Bu kapsamda tüm ürün ve müşteri erişim kanalı bazlı tavsiye skorlarımızı haftalık olarak takip ediyor, iyileştirmeye çalışıyoruz. Müşterilerimize farklı kanalları aynı anda kullanma imkanı veriyoruz. Türkiye’de öncü olarak sunduğumuz Zirve Nova 2.0 canlı chat desteği mali müşavirler tarafından beğeniyle kullanılıyor. Müşterilerimizin Mikro ürünleriyle ilgili soru ve destek ihtiyaçlarını self servis olarak karşıladıkları Buluo platformumuzda 15 bine yakın makalemiz, 2,5 milyonun üzerinde görüntülenmiş durumda. Önümüzdeki dönemde de çözümlerimizi ve hizmetlerimizi müşteri odaklılıkla geliştirmeye, müşterilerimizin en iyi deneyimi elde etmelerini sağlamaya devam edeceğiz.
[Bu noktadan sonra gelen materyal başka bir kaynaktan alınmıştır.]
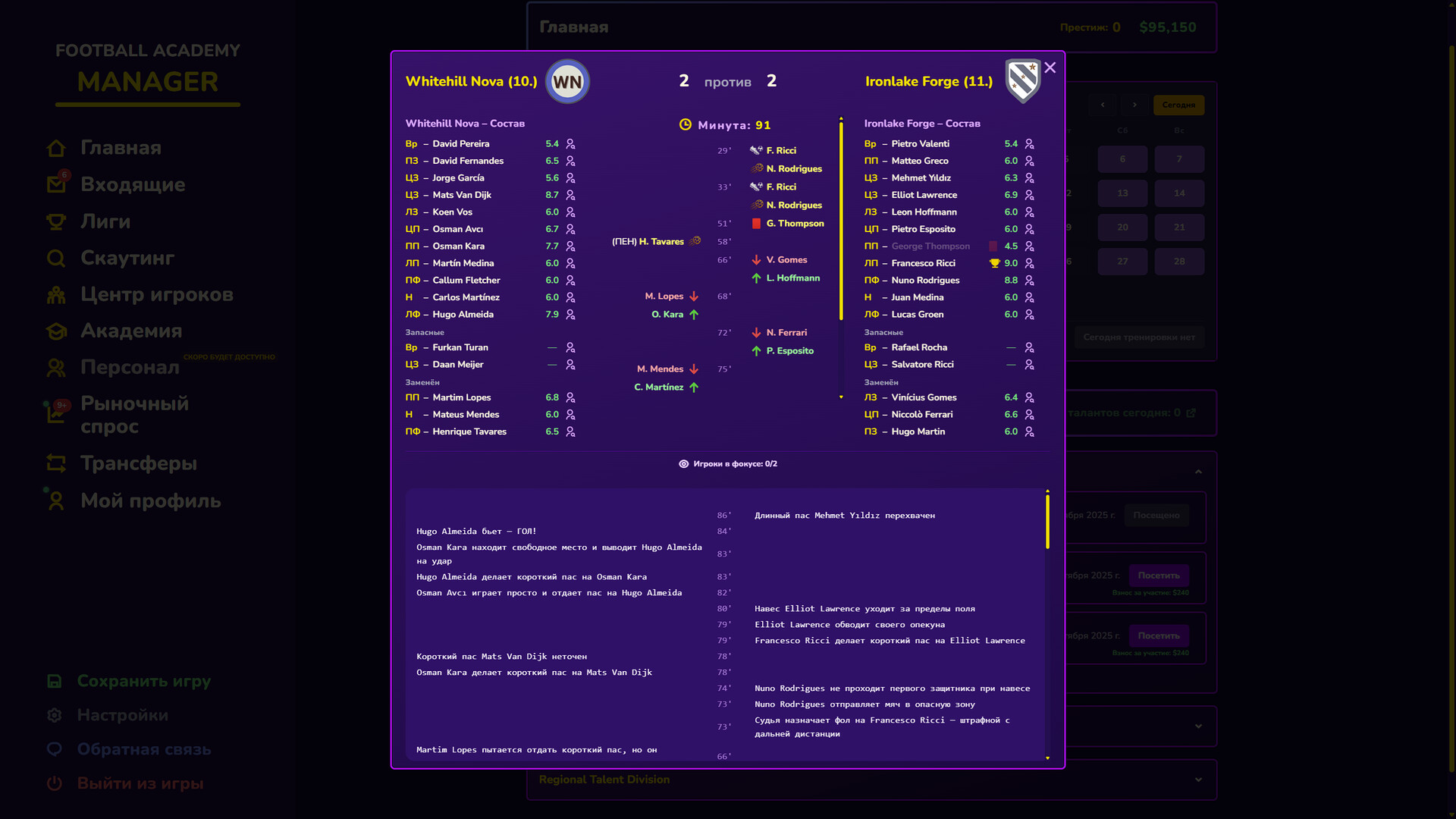 Смотри молодёжные матчи, раскрывай сильные стороны игрока через скаутинг, и подписывай тех, кто подходит твоей академии.

“E-FATURAYA GEÇİŞİ KOLAYLAŞTIRIYORUZ”
BULUT TABANLI

Bildiğiniz üzere Gelir İdaresi Başkanlığı’nın 535 Numaralı Vergi Usul Kanunu Genel Tebliği'nde yaptığı değişikliklerle birlikte e-fatura kullanımı neredeyse tüm sektörler için zorunlu hale gelmeye başladı. Özellikle 1 Temmuz 2023 itibarıyla pek çok sektör bu kapsama alınacağından, işletmelerin bu tarihten önce geçişlerini tamamlamaları büyük önem taşıyor. Mikrogrup bünyesinde yer alan ve işletmelere dönüşüm sürecinde yol arkadaşlığı yapan bulut tabanlı ön muhasebe programımız Paraşüt’te e-faturaya geçiş özelinde “Paraşüt E-Fatura Kampanyası” başlattık. 

HIZLI GEÇİŞ

Paraşüt’ün yeni e-fatura kampanyası hem zorunlu hem gönüllü olarak e-faturaya geçecek işletmeleri kapsıyor. Buna göre kullanıcılar, bir yıllık Paraşüt aboneliği satın aldıklarında 3 ay ek abonelik, 600 e-kontör ve dakikalar içinde geçiş işlemlerini tamamlayan anahtar teslim e-fatura hizmeti kazanıyor. Kesilen ve alınan her bir e-fatura, bir e-kontöre karşılık geldiğinden, kullanıcılar ilk 600 faturasını ek masraf yapmadan gönderebiliyor. Kampanya kapsamında hediye edilen anahtar teslim e-fatura hizmetiyle de e-faturaya geçiş süreci dakikalar içinde gerçekleştiriliyor.

DESTEK

Böylece işletmeler, hiçbir zahmete girmeden ve karışık başvuru süreçleriyle uğraşmadan e-fatura kullanıcısı oluyor. Mikrogrup çatısı altında yer alan Paraşüt ürünümüzle e-fatura başvuru süreçlerini, uzman danışmanlarımız eşliğinde 24 saat içinde aktive ediyor ve işletmeleri, özel geçiş avantajlarımızdan yararlandırarak, geçişlerini kolaylıkla tamamlıyoruz. Bu konuda destek bekleyen tüm işletmelerin ihtiyaç duydukları her alanda yardımına hazırız.